WHAT: Woody Herman Jazz Workshop Concert, with special guest Joe Pulice

WHEN: 7:30 p.m. Saturday

WHERE: Helene Zelazo Center for the Performing Arts at the University of Wisconsin-Milwaukee, 2419 E. Kenwood Blvd., Milwaukee

COST: Tickets are $10 general: $7 students, seniors and UWM alumni

INFO: Call (414) 229-4308 or go to http://www.arts.uwm.edu

Music and education have gone hand-in-hand for jazz drummer Joe Pulice since he was a youngster, hanging out at his parents' music store at the corner of Goold and LaSalle streets.

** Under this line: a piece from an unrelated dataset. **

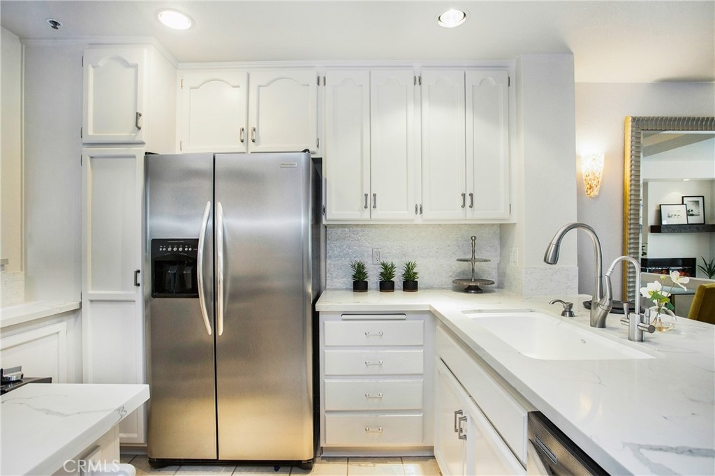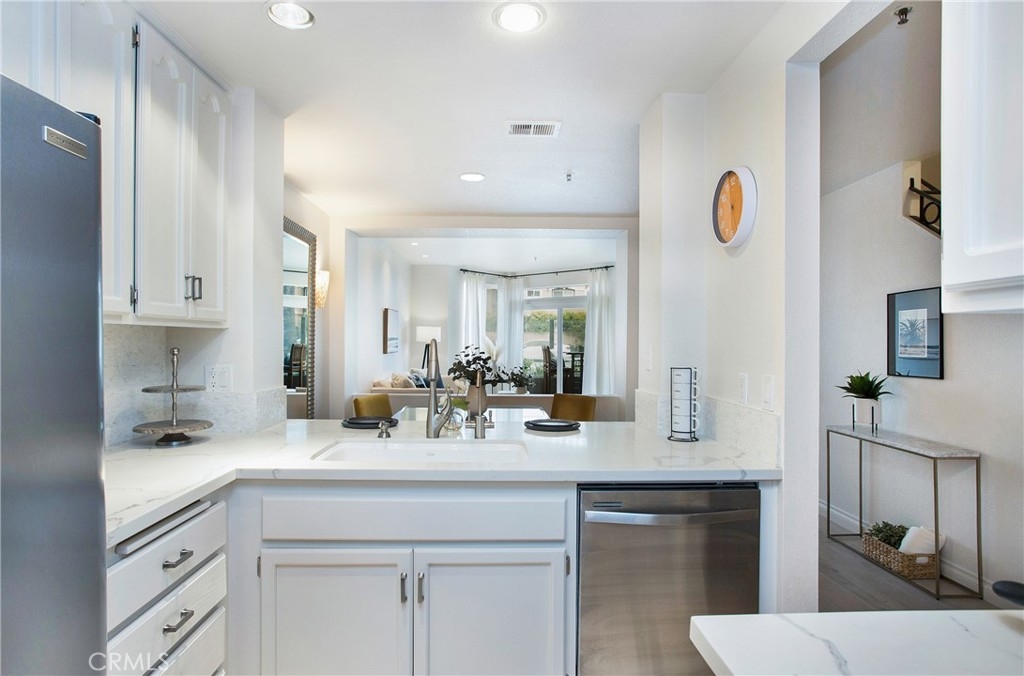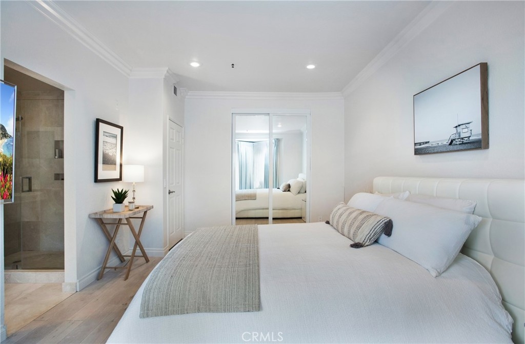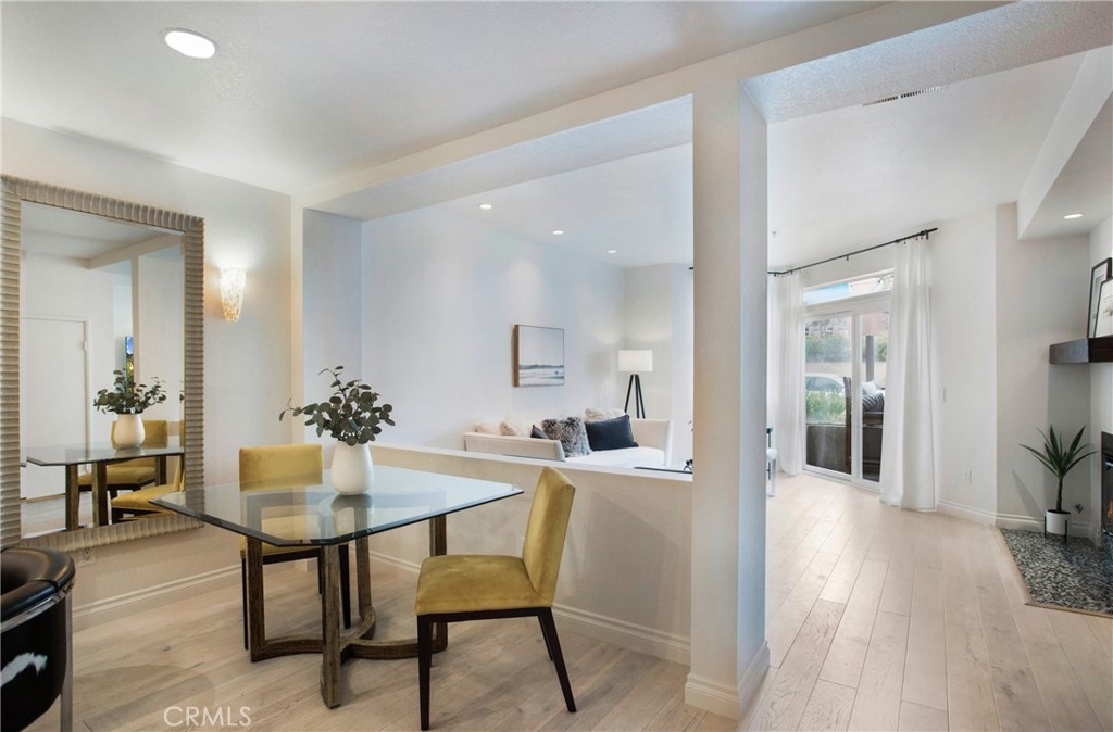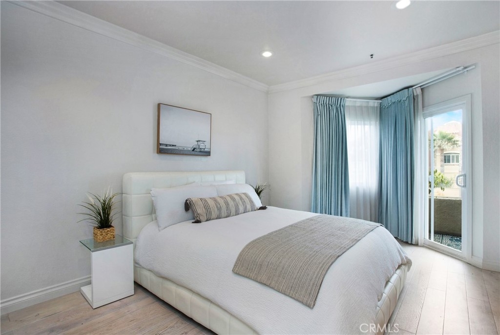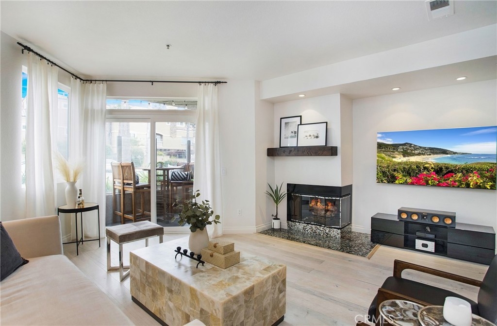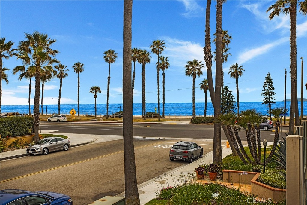 Coastal living in the gated enclave of Ocean Breeze Villas located on Pacific Coast Highway, a prime location steps from the ocean and walking distance to Huntington Beach pier, boardwalk, downtown, and OC’s premier dining/entertainment destination, Pacific City. This stunning 2 bedroom, 2.5 bath first floor residence, has been immaculately painted throughout, with elegant white-washed hardwood flooring for a modern, beachy feel. A beautifully updated kitchen with Carrera Quartz countertops, Seashell Mosaic backsplash, newly painted cabinets, custom blind, water filtration system and InstaHot purified water. The open floor-plan is a seamless transition from the kitchen, dining and living room, including sconce and recessed lighting, distressed wood mantle and recessed spotlight, custom mother-of-pearl fireplace, dual pane windows and a sliding door to a patio with ocean views and coastal breeze. The first floor also includes a modern half bathroom conveniently located for entertaining. Situated at the south-side of the complex, this unit has spectacular West views of the sunset, also enjoyed from the upstairs patio just off the Master retreat, including a custom closet and drapery, crown molding, recessed lighting, TV, surround sound hard-wiring and, an open-concept bathroom with tastefully chosen elements tying together a walk-in shower, vanity and separate commode. A secondary bedroom en-suite includes recessed lighting, a security safe, custom window covering and top-of-the-line, wall-to-wall mirrored closets for plenty of storage. The connected bathroom features a modern vanity and large pebble-bottom walk-in shower. A laundry closet with newer stacked washer/dryer, is conveniently located upstairs. High-end upgrades include hard-wiring for surround sound on both levels, Leviton WiFi Smart home switches, and Cryopreserved electrical outlets. HOA amenities include a newly plastered ocean-facing pool and spa, fitness gym, two side-by-side gated underground parking spaces, secured bicycle parking, trash, water, and temperature controlled private storage unit. Washer, dryer, refrigerator, security safe, and upstairs TV all included! This home has been thoroughly enjoyed, highly upgraded and meticulously maintained by the same homeowner for 18 years, with impeccable attention to detail and great pride of ownership. Home of the US Surf Open, 4th of July parade & firework show, yoga on the beach…Welcome Home to 1400 PCH, Surf City USA!

Since moving to Minneapolis to attend college in the late 1970s, Pulice (son of Joe Sr., local drummer and teacher) has made a name for himself as in-demand drummer/percussionist, as well as an educator, in the Twin Cities and beyond.

An assistant school principal by day, he plays a variety of evening jazz gigs, as well as with Broadway shows that come through town. And through the years Pulice - known best to Racinians as Joey - has worked with musical greats from Stan Getz and Slide Hampton to Aretha Franklin and Harry Connick Jr., as well as having toured with Woody Herman's band on its 50th Anniversary Tour.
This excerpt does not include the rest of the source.